Morsi At 100 Days: Can We Compare Him To Nasser?

Filling the role
Filling the role
Zeinab Abul-Magd*

CAIRO - One of the most memorable scenes from the Libyan revolution was when the rebels, in wretched clothes and advanced weaponry, seized a house of the oldest son of Muammar Gaddafi. They famously entered his living room, sat in his couch, watched his TV, ate his food and slept in his bed.

Mohamed Morsi has now completed his first 100 days as Egyptian president, during which he and his society of Muslim Brothers have done nothing significant, except eagerly sleep in former President Nasser’s bed.

When Morsi won the presidential elections, the Brotherhood entered into Egypt's old palaces of power. There they found relics of the post-colonial regime created 60 years ago by Gamal Abdel Nasser.

Nasser’s legacy left Egypt encumbered by hefty and dysfunctional state institutions.
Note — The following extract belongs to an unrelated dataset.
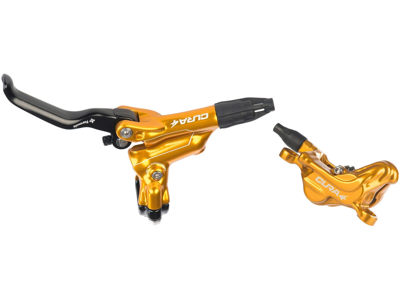 Spezifikationen:Serie:Cura 4Einsatzbereich:Downhill, Enduro, E-MTBBremsentyp:hydraulisch, 4-KolbenBremsmedium:MineralölLeitungslänge:1750 mmTechnische Daten Bremssattel:Montage Bremssattel:PostmountKolben:4Bremsbelag:organischMaterial Bremssattel:AluminiumLeitungsanschluss:geradeTechnische Daten Bremsgriff:Hebellänge:2-FingerEinstelloptionen:Griffweiteneinstellung (werkzeuglos)Montage:Klemmschelle (geteilt)Bauart:Flip-Flop (seitenunspezifisch)Material Bremshebel:AluminiumMaterial Bremsgriffgehäuse:AluminiumLeitungsanschluss:geradeFeatures:4-Kolben Bremssattel mit 18 mm Kolbendurchmesser bieten enorme Bremskraft bei bester Modulationder ergonomische Hebel sorgt für maximale Kontrolle und ein optimales GriffgefühlHerstellernummern:glossy black:FD94175-4Ugold:FD94175-4Gpolish:FD94175-4PLieferumfang:1 x Scheibenbremse Formula Cura 4ohne Bremsscheibeohne Adapter1 x Insertpin inkl. O-Ring1 x Olive1 x Überwurfmutter1 x Leitungstülleinkl. Befestigungsmaterial

However, despite being crushed by Nasser decades ago, the Brothers were enthralled at taking over the government’s damp buildings, occupying the broken chairs made by their very torturers.

But Morsi has failed in doing what Nasser — regardless of his oppressive policies — did in his first 100 days. The Brotherhood has managed to obtain a strong grip over apparatuses of repression in Nasser’s state, but appears incapable of dealing with the colossal economic realms he erected.

In his first 100 days, Nasser turned a military coup that deposed a king and kicked out a colonizer into a social revolution. He responded to the demands of the lower classes and altered the socio-economic order.

The coup took place on July 23, and by Sept. 9, 1952, the new regime had implemented a radical land reform that confiscated thousands of acres from the landed aristocracy and distributed them to impoverished peasants.

Morsi, in his first 100 days meanwhile, has responded to none of the demands of the lower or middle classes that were put forth during the January revolution. He has not raised the minimum wage that Tahrir Square so loudly cried for, nor has he fulfilled his promise to relieve peasants from debt to state banks (despite the cosmetic erasure of some agricultural loans). Likewise, he has offered no serious response to the demands of schoolteachers, doctors, government employees, and other working people.

Moreover, he is now on track to gradually lift subsidies from basic goods — which Nasser created to support the poor — in order to meet the conditions of the International Monetary Fund loan he has applied for.

Morsi has essentially followed the same neo-liberal policies of Mubarak, when a small elite of businessmen controlled the country, with an immense social gap separating them from the rest of the country. While Morsi has not spared the time to meet with trade or peasant unions, he did form a committee of business tycoons, headed by his fellow Brotherhood member Hassan Malek.

Other unprivileged groups are constantly protesting and striking across the country, demanding a dignified livelihood.

Into Brotherhood hands

Unlike Nasser, Morsi has turned a popular revolution into a process of regime change in which bearded business tycoons have replaced Mubarak’s clean-shaven magnates.

In the 1960s, Nasser created a socialist state that had both bright and dark aspects. On the bright side, Nasser established heavy industrialization through the public sector, created cooperatives and subsidies for small peasants, established free education and healthcare, and subsidized basic foods.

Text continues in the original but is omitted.